**WHAT YOU HAVE TO DO**: Write the records out exactly as they read, but not the pictures.

**PROVIDED RECORDS**:
*****
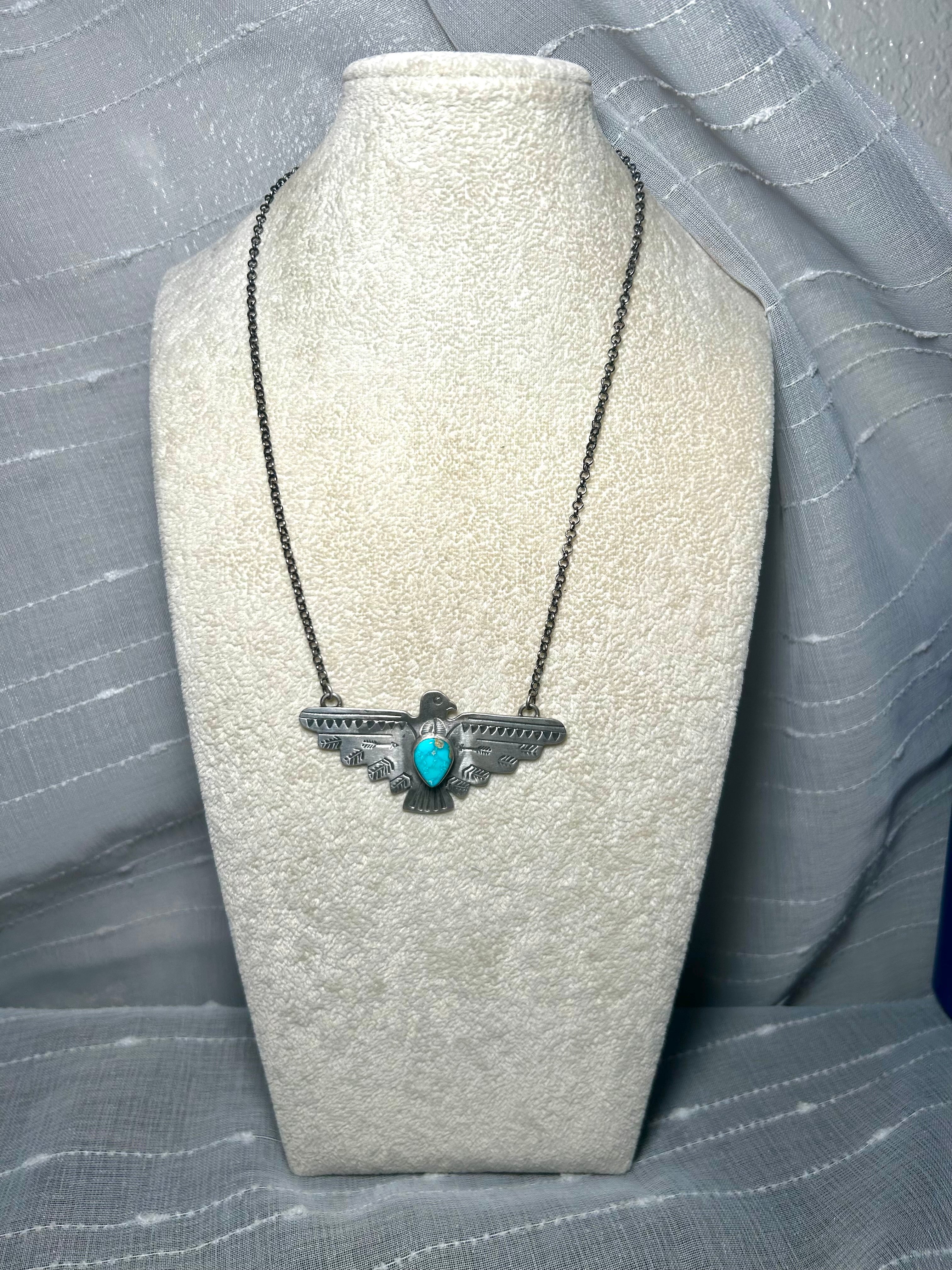 Russell Sam Royston Turquoise & Sterling Silver Necklace. It measures 21 inches long with hang while the chain measures 19 inches long. Signed by the artist and stamped sterling silver.
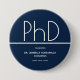 A favour button celebrating a PhD graduate with a blue and white design. This item is part of a graduation party collection that includes an invitation, photo announcement, paper napkins, place cards, and more. Customise these items, add them to your cart, and celebrate this major achievement.
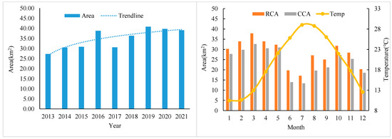 By identifying 36 images of the Xiapu area, the aquaculture area from 2013 to 2021 was obtained. Figure 5 shows the average annual and monthly aquaculture area in different years.
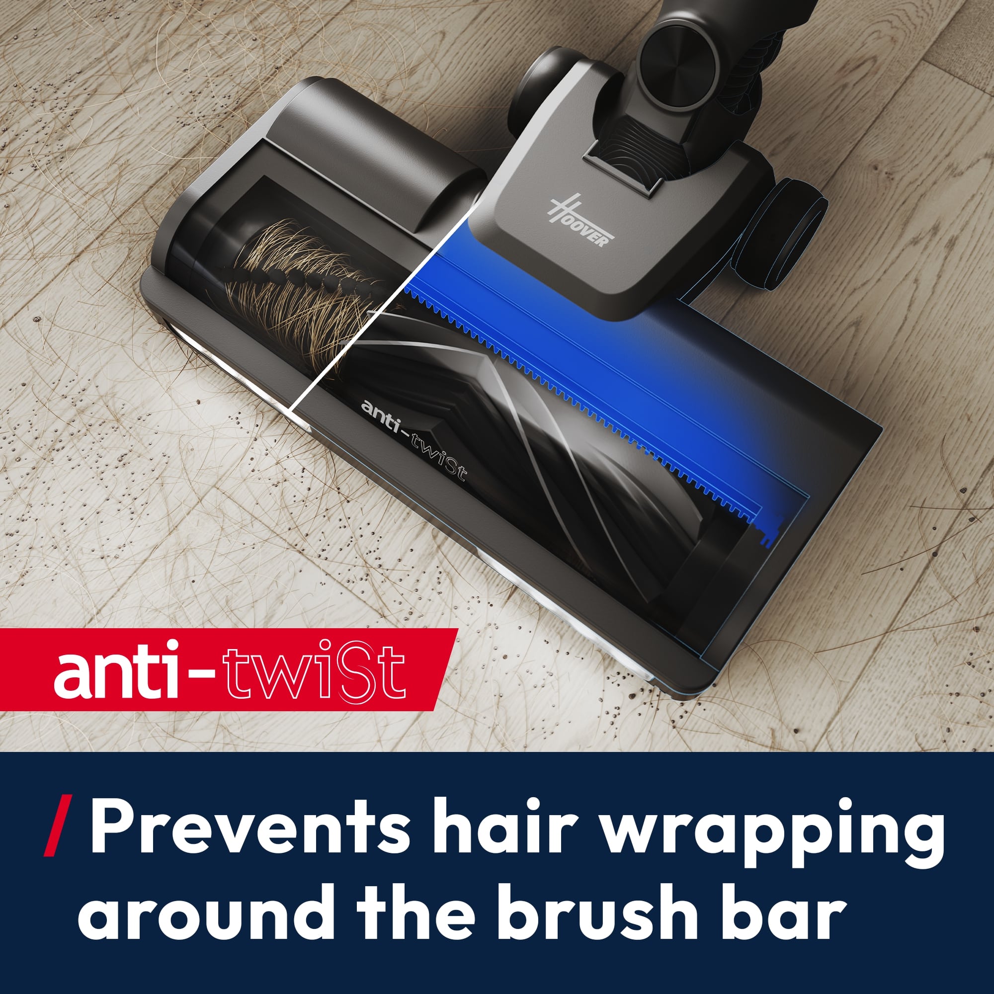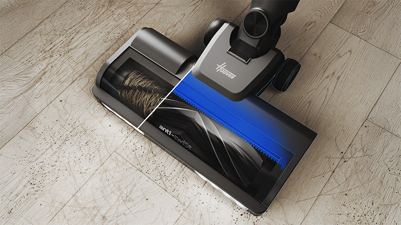 An integrated comb actively prevents hair wrapping around the brush bar — no more tangled mess.
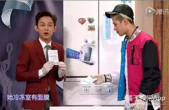 在《拜托了冰箱》的综艺里,何炅就曾在昆凌家冰箱的冷冻室里,找到了一大摞面膜……
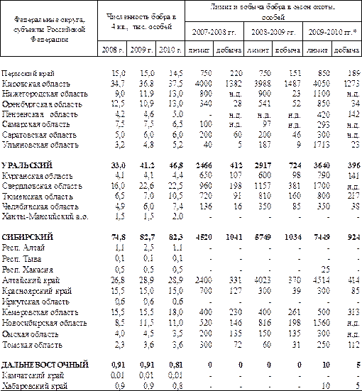 Численность выдры в целом по России достаточно стабильна. Легальное использование ресурсов выдры находится на очень низком уровне. По официальным данным в России в сезоны охоты 2007-2008 гг., 2008-2009 гг. и 2009-2010 гг. было добыто 390, 232, 282 выдры соответственно. Данные по добыче за последний сезон не полные. В среднем уровень добычи составляет около 0, 5% от имеющихся ресурсов этого вида. Фактическое количество добываемых выдр на территории России в несколько раз превышает данные из официальных источников. Официальная добыча выдры с использованием минимальных квот в значительной мере может способствовать сбору фактических материалов не только о количестве добытых зверей, но и о состоянии численности этого редкого, трудно учитываемого охотничьего вида в отдельных регионах и в целом по России. Таблица 14.
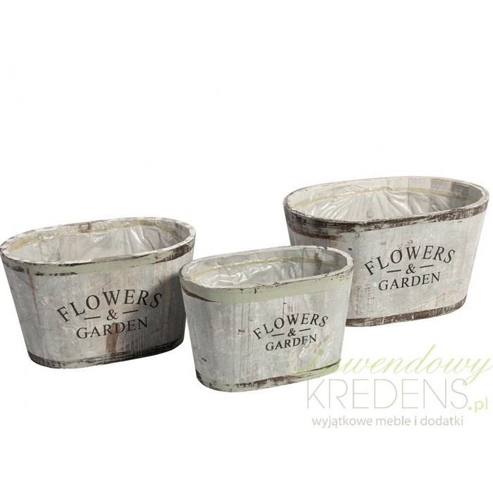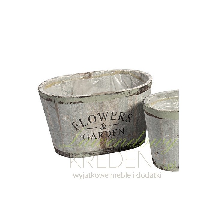 Osłonki drewniane doskonale ochronią twoje kwiaty czy rośliny przed zniszczeniem czy zabrudzeniem. Osłonki w stylu prowansalskim firmy Belldeco wykonane są z drewna i pokryte są wewnątrz nieprzemakalną folią. Mają owalny kształt i przetartą powierzchnię. Z przodu znajduje się ozdobny napis Flowers & Garden.
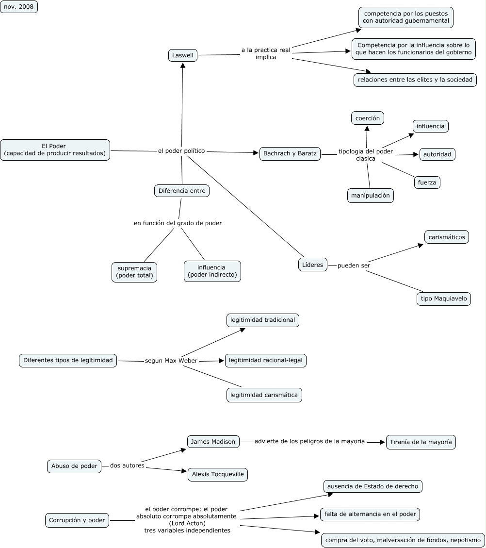 Este Cmap, tiene información relacionada con: Tema 5 Introducció a la Ciencia Política, Corrupción y poder el poder corrompe; el poder absoluto corrompe absolutamente (Lord Acton) tres variables independientes ausencia de Estado de derecho, El Poder (capacidad de producir resultados) el poder político Líderes, Diferentes tipos de legitimidad segun Max Weber legitimidad racional-legal, Bachrach y Baratz tipologia del poder clasica fuerza, Abuso de poder dos autores James Madison, Laswell a la practica real implica competencia por los puestos con autoridad gubernamental, Bachrach y Baratz tipologia del poder clasica coerción, Laswell a la practica real implica relaciones entre las elites y la sociedad, Corrupción y poder el poder corrompe; el poder absoluto corrompe absolutamente (Lord Acton) tres variables independientes compra del voto, malversación de fondos, nepotismo, Líderes pueden ser tipo Maquiavelo, Corrupción y poder el poder corrompe; el poder absoluto corrompe absolutamente (Lord Acton) tres variables independientes falta de alternancia en el poder, Diferencia entre en función del grado de poder influencia (poder indirecto), El Poder (capacidad de producir resultados) el poder político Diferencia entre, Abuso de poder dos autores Alexis Tocqueville, Laswell a la practica real implica Competencia por la influencia sobre lo que hacen los funcionarios del gobierno, Líderes pueden ser carismáticos, James Madison advierte de los peligros de la mayoria Tiranía de la mayoría, Diferencia entre en función del grado de poder supremacia (poder total), Bachrach y Baratz tipologia del poder clasica manipulación, Diferentes tipos de legitimidad segun Max Weber legitimidad carismática
*****
**PROBLEM SOLUTION**:
 Russell Sam Royston Turquoise & Sterling Silver Necklace. It measures 21 inches long with hang while the chain measures 19 inches long. Signed by the artist and stamped sterling silver.
 A favour button celebrating a PhD graduate with a blue and white design. This item is part of a graduation party collection that includes an invitation, photo announcement, paper napkins, place cards, and more. Customise these items, add them to your cart, and celebrate this major achievement.
 By identifying 36 images of the Xiapu area, the aquaculture area from 2013 to 2021 was obtained. Figure 5 shows the average annual and monthly aquaculture area in different years.
 An integrated comb actively prevents hair wrapping around the brush bar — no more tangled mess.
 在《拜托了冰箱》的综艺里,何炅就曾在昆凌家冰箱的冷冻室里,找到了一大摞面膜……
 Численность выдры в целом по России достаточно стабильна. Легальное использование ресурсов выдры находится на очень низком уровне. По официальным данным в России в сезоны охоты 2007-2008 гг., 2008-2009 гг. и 2009-2010 гг. было добыто 390, 232, 282 выдры соответственно. Данные по добыче за последний сезон не полные. В среднем уровень добычи составляет около 0, 5% от имеющихся ресурсов этого вида. Фактическое количество добываемых выдр на территории России в несколько раз превышает данные из официальных источников. Официальная добыча выдры с использованием минимальных квот в значительной мере может способствовать сбору фактических материалов не только о количестве добытых зверей, но и о состоянии численности этого редкого, трудно учитываемого охотничьего вида в отдельных регионах и в целом по России. Таблица 14.
 Osłonki drewniane doskonale ochronią twoje kwiaty czy rośliny przed zniszczeniem czy zabrudzeniem. Osłonki w stylu prowansalskim firmy Belldeco wykonane są z drewna i pokryte są wewnątrz nieprzemakalną folią. Mają owalny kształt i przetartą powierzchnię. Z przodu znajduje się ozdobny napis Flowers & Garden.
 Este Cmap, tiene información relacionada con: Tema 5 Introducció a la Ciencia Política, Corrupción y poder el poder corrompe; el poder absoluto corrompe absolutamente (Lord Acton) tres variables independientes ausencia de Estado de derecho, El Poder (capacidad de producir resultados) el poder político Líderes, Diferentes tipos de legitimidad segun Max Weber legitimidad racional-legal, Bachrach y Baratz tipologia del poder clasica fuerza, Abuso de poder dos autores James Madison, Laswell a la practica real implica competencia por los puestos con autoridad gubernamental, Bachrach y Baratz tipologia del poder clasica coerción, Laswell a la practica real implica relaciones entre las elites y la sociedad, Corrupción y poder el poder corrompe; el poder absoluto corrompe absolutamente (Lord Acton) tres variables independientes compra del voto, malversación de fondos, nepotismo, Líderes pueden ser tipo Maquiavelo, Corrupción y poder el poder corrompe; el poder absoluto corrompe absolutamente (Lord Acton) tres variables independientes falta de alternancia en el poder, Diferencia entre en función del grado de poder influencia (poder indirecto), El Poder (capacidad de producir resultados) el poder político Diferencia entre, Abuso de poder dos autores Alexis Tocqueville, Laswell a la practica real implica Competencia por la influencia sobre lo que hacen los funcionarios del gobierno, Líderes pueden ser carismáticos, James Madison advierte de los peligros de la mayoria Tiranía de la mayoría, Diferencia entre en función del grado de poder supremacia (poder total), Bachrach y Baratz tipologia del poder clasica manipulación, Diferentes tipos de legitimidad segun Max Weber legitimidad carismática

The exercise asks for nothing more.